#9377 closed bug (fixed)
Network Stack Deadlock
Reported by: | jackburton | Owned by: | axeld |
---|---|---|---|
Priority: | normal | Milestone: | R1 |
Component: | Network & Internet/Stack | Version: | R1/Development |
Keywords: | Cc: | ||
Blocked By: | Blocking: | ||
Platform: | All |
Description (last modified by )
Yesterday I was doing some tests with the network stack, and after a while, I experienced a deadlock. ifconfig was locked and couldn't be killed (even with kill -9). net_server was locked, too.
I then entered KDL, and had a look at the threads involved.
There was a deadlock between ifconfig and wpa_supplicant.

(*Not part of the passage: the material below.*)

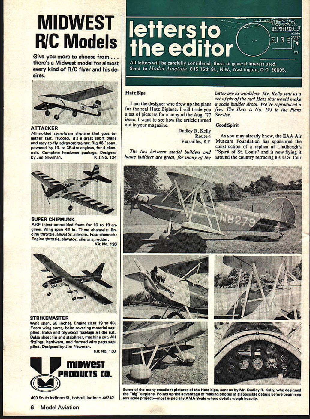 MIDWEST RIC Models Give choose . theres Midwest model almost kind R/C flyer de sires ATTACKER All-molded styrofoam airplane goes gather fast Rugged its great sport plane easy-to-fly advanced trainer Big 48 span powered 19- 35-size engines 4 chan nels Complete hardware package Designed Jim NewmanKit No 134 STR IKEMASTE R Wing span 55 inches Engine sizes 19 40 Foam wing cores balsa covering material sup plied Balsa plywood fuselage die cut Balsa sheet fin stabilizer machine cut fittings hardware formed wire patis sup plied Designed Jim Newman Kit No 130 am designer drew up plans real Hatz Biplane will trade set pictures copy Aug 77 issue want see article turned out magazine Dudley R Kelly Route 4 Versailles KY Good Spirit As may already know EAA Air Museum Foundation has sponsored construction replica Lindberghs Spirit St Louis now flying around country retracing US tour q j 400 South Indiana St Hobart Indiana 46342 Some excellent pictures Hatz bipe sent us Mr Dudley R Kelly designed big airplane Points up advantage making photos possible details before beginning scale projectmost especially AMA Scale details weigh heavily 6 Model Aviation Hatz Bipelatter ex-modelers Mr Kelly sent us set ofpix real Hatz would make scale builder drool Weve reproduced few Hatz No 195 Plans Service ties between model builders home builders great SUPER CHIPMUNK ARF injection-molded foam 10 19 en gines Wing span 46 Three channels En gine throttle elevator ailerons Four channels Engine throttle elevator ailerons rudder IitNn 1R observance fiftieth anniversary flights Im enclosing brochure explains June 1977 issue magazine appeared two page spread draw ings Spirit far accurate drawings have ever seen airplane intend include full-size planes offered sale would like obtain print original assume larger scale would make valuable addition plans library George Hardie Jr Aircraft & Display Research EAA Air Museum Foundation Hales Corner WI Mr Hardie has already received requested drawings Same-size prints scale drawings done Robinson Wil son others part Berliner article series have offered sale MA curious f readers would bene fit having prints availablethe originals vary twice three times size drawings see maga zine Feeling Good dont ordinarily write letters sort want let know much Ive enjoyed appreciate ex cellent coverage Model viation recent major FF events such USFF Champs FF events Nats FF World Championships narrative photo coverages really first-rate thanks outstanding quality reportage events also want express appreciation fine plans variety FF plans offered Model Aviation Now could have payload ship simple competition A/l about Tad pole oY Grabber going big guns out things would really rounded out good shape Again thanks overall fine Fox Fuel Line Models Life Blood Passes Through Simple Piece Fuel Line Surely Want Best As engine manufacturers acutely aware large portion called engine problems reality fuel line problems Symptoms fuel line trouble going lean air leaks speed fluctuations inability get rich enough high speed restricted flow Fox Fuel Lines best materials available physical proper ties selected model use Fox Fuel Lines worlds finest Tuff Line Silicone far strongest market semitransparent shows bubbles line heat resis tant Like silicone tubing tends slip off fittings unless care taken Neoprene Actually complex compound much elastic clings fittings main disadvan tage transparent Surgical Tubing Pure Rubber Very flexible Use sharp bends necessary Semi-transparent Shows bubbles line Holds fittings well Main disadvantage tends deteriorate rapidly silicone neoprene Plastic good anybodys dont think much plastic fuel line Advantage low price transparency Disadvantage tends collapse bends hardens age heat Tends leak air fittings after ITEMFUEL LINEPRICEITEMFUEL UNEPUCE 86880Small Neoprene2Pleg.5086885Small Clear Plastic2 Pkg 6881 Medium Neoprene2 PIg.6088886 Medium Clear Plautic2 Plrg.30 86882 Large Neoprene2 Pkg7086887 Large Clear Plastic2 PIrg.40 86883 Small Tuff Line1 Pkg . 5586888 Small Sargical Tubing2 Plrg.50 86884 Medium Tuft Lice1 Ptrg7086889 Med Surgical Tubing2 Pkg.50 86851 Large Tuft Line1 Ptcg10086890 Large Surgical Tubing2 Pkg.60 FOX MANUFACTURING Fox Model Airplane Products 5305 Towson Smith Arkansas 72901 e 501-646-1656 Answer 1o-Channel Dilemma NIMBUS 2-channel radio system offers American engineering import prices Features include. 1 Solid state superheterodyne 2 All silicon transistor receiver circuit highly selective front end 3 RF amplifier maximum signal noise ratio unexcelled selectivity 4 2 ultra small EK SM servos greater 4 pounds output thrust 5 Receiver servos equipped 3 pin Deans gold plated plugs 6 Adjustable tension control sticks full line brochure write EK-PRODUCTS INC 3322 Stovall St Irving Texas 75061 USA Distributors dealers contact us new merchandising program @1977 EK-Prodcrs Inc 779 EK-Products . . uary 1978 7 Continued page 86 SPECIAL PRO SERIES 2 FOR RC-FREE FLIGHT CONTROL LINE CIAPITCHPRICE 5%3489 63489 733%4119 53%456129 94566% 77%139 10467149 1066V 8W149 to6016159 114677% 7Y, 7%8159 it6E1W169 11%67169 126179 12555179 1356219 1496249 1566309 164%6389 W 55106 BLADE 855 EXTRA WIDE SERIES 400 B Poe SPEED & RACING ADVANCED DESIGN NO 1 IN PYLON RACING LEADING SPEED REGGRO HOLDER OF ALL TIMES RC PYLON RACING DIA PITCHPRICE 6%3%4129 755%6149 7SN 5/N 6N149 8%6% 6% 7 7%7%189 96%7 7A7%189 CONTROL LINE SPEED& RACING CIA PITCHPRICE 4/8A7129 4%55%129 6788%149 7 7%10%11169 889189 89N9%N189 8% 77%189 912 13219 51ARRflW Homebuilts Bill Youmans firstplace win Masters Class Greenville NRCHA Nationals last August seems increasing interest homebuilt helicopters won scratchbuilt own design composite components Bill came within 10 points aceing hover course local flier Norm Holland has developed scratchbuilt using Kavan mechanics tn-cycle landing gear Rev-o-lution canopy Futaba Sl5M ball-bearing servos EK single-stick radio Kraft engine Tach-Tron gover nor weight 12 1/2 pounds very smooth p

The net_interfaces mutex was held by wpa_supplicant, which was waiting on the mutex of the wireless interface, which in turn was held by ifconfig.
So I guess we have a lock inversion somewhere.
It's reproducible here 100% of the times by doing:
ifconfig /dev/net/<wireless_card> down
while wpa_supplicant is scanning the available networks.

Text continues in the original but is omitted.